··· GIVEN ENTRIES

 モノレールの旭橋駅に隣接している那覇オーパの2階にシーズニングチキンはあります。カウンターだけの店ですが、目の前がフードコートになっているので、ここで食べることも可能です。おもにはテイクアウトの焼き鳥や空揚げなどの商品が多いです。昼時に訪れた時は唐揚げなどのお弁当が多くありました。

······
··· GIVEN ENTRIES

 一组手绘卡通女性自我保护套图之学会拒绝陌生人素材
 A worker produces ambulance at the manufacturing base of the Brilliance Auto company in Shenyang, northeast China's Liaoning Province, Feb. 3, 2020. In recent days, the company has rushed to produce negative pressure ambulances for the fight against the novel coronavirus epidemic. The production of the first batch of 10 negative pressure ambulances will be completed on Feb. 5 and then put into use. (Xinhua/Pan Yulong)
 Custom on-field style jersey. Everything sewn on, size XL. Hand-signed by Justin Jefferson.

······

TASK TO COMPLETE: Both the line containing "A worker produces" and the line containing "Custom on-field style" belong in the answer. Print them and every line above that falls between them exactly, and no others.

THE ANSWER:
 A worker produces ambulance at the manufacturing base of the Brilliance Auto company in Shenyang, northeast China's Liaoning Province, Feb. 3, 2020. In recent days, the company has rushed to produce negative pressure ambulances for the fight against the novel coronavirus epidemic. The production of the first batch of 10 negative pressure ambulances will be completed on Feb. 5 and then put into use. (Xinhua/Pan Yulong)
 Custom on-field style jersey. Everything sewn on, size XL. Hand-signed by Justin Jefferson.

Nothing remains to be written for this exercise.